My experience working in the resturant industry

Angie Twombly, Editor-in-Chief

I started working in a restaurant at the ripe age of 14. After only six months at a local fast-food place, I took a hosting position for a huge restaurant franchise.

This goes without saying, but I love my job, and I have it better than many people (at least from the stories I have heard on TikTok), but this does not mean there are no stories to tell.

Starting a job so young comes with a lot of disadvantages, mostly not being able to work certain hours. This caused a lot of my co-workers to look at me differently because I worked shorter shifts and from my understanding, they saw me as “not being able to do as much.”

Let me make this clear, I am a hard worker, always have been, and I take it very personally when I am looked down upon.

There came a point where I had a coworker shove me out of the way and preceded to boss me around as if she were not capable of doing anything herself.

I mean be real.

Aside from small instances, most of my coworkers have become some of my favorite people.

Some people, however, are not my favorite, and those are food delivery workers (UberEATS, Door dash, Grub hub).

The first bad experience I had with one was on a Friday night, one of the busiest nights of the week.

The worker came in and was told that it would take about ten minutes for his order to be ready. When this food was not ready, he became upset and began yelling at me for “not doing my job right,” and “making him wait so long.”

Then he screamed at me as he kicked the door open with the food in his hand.

In another instance, a delivery person told me I should be back in the kitchen helping so I could get her food out faster. When I told her how I was unable to do so, she called me a derogatory word and then walked off.

Food delivery, among other things, is not the only thing I have had to experience.

Being a restaurant, we also have a “take-out” option which in some ways is similar to food delivery except the customer comes in themselves.

They can choose to either call in the order, or place it online but either way, it means face-to-face interaction.

When taking phone orders many people either do not speak loud enough or don’t remember what they ordered by the time they get here.

In one case I had a woman call in an order, and as I always do, I read the order back multiple times. By the time they picked up their order, it was completely “wrong.”

Admittedly mistakes do happen, but not on a whole order, I am not that dumb.

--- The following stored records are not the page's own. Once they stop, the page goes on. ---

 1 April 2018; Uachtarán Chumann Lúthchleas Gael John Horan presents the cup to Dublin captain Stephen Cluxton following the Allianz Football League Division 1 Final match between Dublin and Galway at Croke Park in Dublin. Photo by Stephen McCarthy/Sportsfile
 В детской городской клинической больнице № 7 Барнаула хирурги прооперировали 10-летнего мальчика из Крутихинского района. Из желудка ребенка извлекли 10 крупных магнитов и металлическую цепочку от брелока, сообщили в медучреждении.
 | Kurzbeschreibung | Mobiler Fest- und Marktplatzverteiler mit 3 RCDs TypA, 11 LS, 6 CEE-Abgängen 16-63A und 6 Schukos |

My favorite takeout order experience is when a woman called complaining because a 25-cent sauce was missing from her order, and she wanted a refund. After putting her on hold with a manager and explaining to her that we cannot refund such a small amount she started complaining about more things that made no sense with her order.

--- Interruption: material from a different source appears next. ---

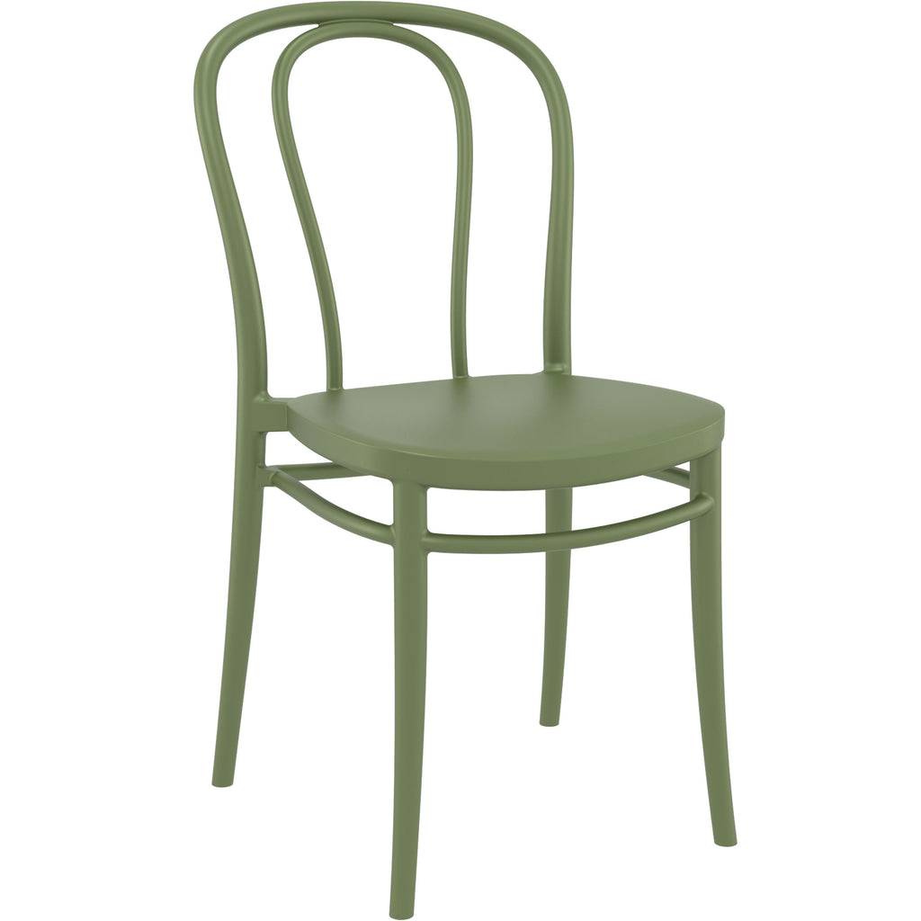 Victor stacking chair is produced with a single injection of polypropylene reinforced with glass fibre obtained by means of the latest generation of air moulding technology with neutral tones. For indoor and outdoor use.

Some people just go gold digging sometimes, and I really could not explain how many times this has happened.

It is just unbelievable.

Since I am a host, my main duty is to bring customers to a table and supply them with menus. As a bigger company, we do use iPads, and applications such as “Spot On,” to organize our tables, our waitlist, and our reservations.

Customers tend to get aggravated often when we explain why there are no available tables, or they get upset when we tell them there will be a wait.

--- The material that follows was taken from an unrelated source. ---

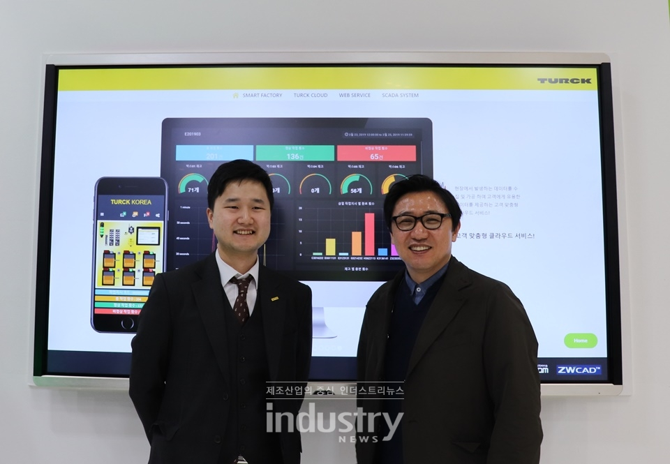 ![터크코리아 정목해 솔루션컨설팅 이사(오른쪽)와 구동우 대리가 ‘터크 클라우드 솔루션’ 앞에서 포즈를 취하고 있다. [사진=인더스트리뉴스]](https://cdn.industrynews.co.kr/news/photo/201904/30718_23699_5322.jpg)

Luckily, our system sends out text message reminders when tables are ready but that does not make anyone less impatient.

People tend to forget about the table or ignore the text message, so when we give away their table, they walk in screaming at us for not trying to find them or not instantly giving them a table. Now we do give a 15-minute waiting period past the time we send the reminder for them to show up, so given it is our job to do so, we try to be as reasonable as possible.

Often time managers must step in because customers do not understand how restaurant service works. Especially with reservations, you often hear “Well those tables are empty,” and “Why can’t you just move them?”

There are also often people who will lie about their party size, simply not include their very alive child, or add people to a table at the last minute. This makes my job as a host very irritating because servers tend to get very upset when they have to deal with things or people that are unexpected. This also means having to move every other table around because “the customer is always right.”

There are also particularly good days at my job as well. With so many people coming in I can meet people from around the world, see new styles, make conversation, and am often complimented a lot (like I need that ego boost).

Working in customer service has made me confident in talking to people, dressing out more often, and improving my social skills.

I even recently expanded my horizons and began working as a server assistant/ table busser, which means big tips, and learning to work at a faster pace which could help me in the future with other jobs.

Even through these bad experiences, I wouldn’t give up my job for anything, and at the end of the day, they make really good stories.